# A/c Vent Removal



## vdub (Jun 19, 2004)

Does anyone know how to take the A/C vent on the ceiling off so that you can clean them? That is, without breaking something. It looks as if the 3 indents should hit a opening on the swivel and them come off, but I have twisted and pulled to no avail.... Hints?


----------



## outback loft (Sep 22, 2008)

I assume you have the ones that just spin around and have no option to close them. If that is the case get something just under one side of it and pull down while twisting, they do come off, but not easily.


----------



## vdub (Jun 19, 2004)

Yeap, that's the kind I have. I was trying to do that. I figured that's how they would come off, but I was probably to timid about pulling hard enough for fear of breaking the damned thing.

I did learn something today. The intake vent for the a/c has always bothered me as a good area to collect hard-to-clean dust. I finally got upset enough and figured I'd take the whole bloody vent grate off and clean it. So I took out the 4 screws and expected there to be several wires attached to the grate near the front where the controls are.
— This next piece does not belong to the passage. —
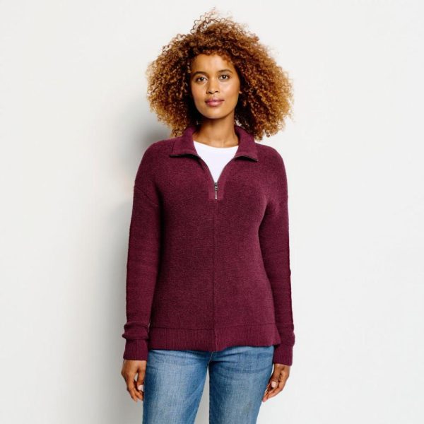 This understated mockneck quarter-zip sweater with a richly textured ottoman stitch and detailed seaming perfectly balances comfort and style. Unzip the mockneck on warmer days or to show off layers. Dropped shoulders and a side-slit hem complete this casual look. Classic Fit, universally flattering with moderate shaping.
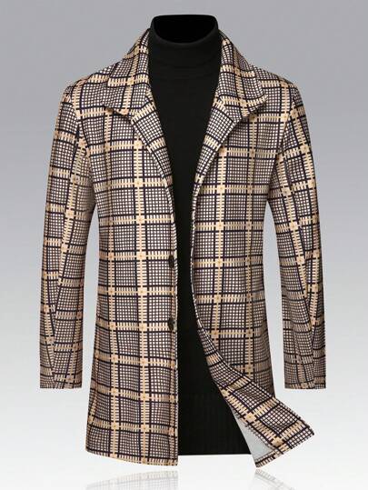 Manfinity Homme Abrigo informal de cuadros de tejido de color para hombres, otoño/invierno - Multicolor - Añade 3

Surprise, surprise, no wires, easy cleaning, now bright and shiney.... Should have done it a long time ago.

Thanks for the tip on the other vents....


----------



## CamperAndy (Aug 26, 2004)

Vents just pull off, nothing special to worry about.


----------



## vdub (Jun 19, 2004)

Yeap, that did it.... They're all off.... I wonder if the wife will clean them? Nah, I better get busy.... THANKS ALL!


----------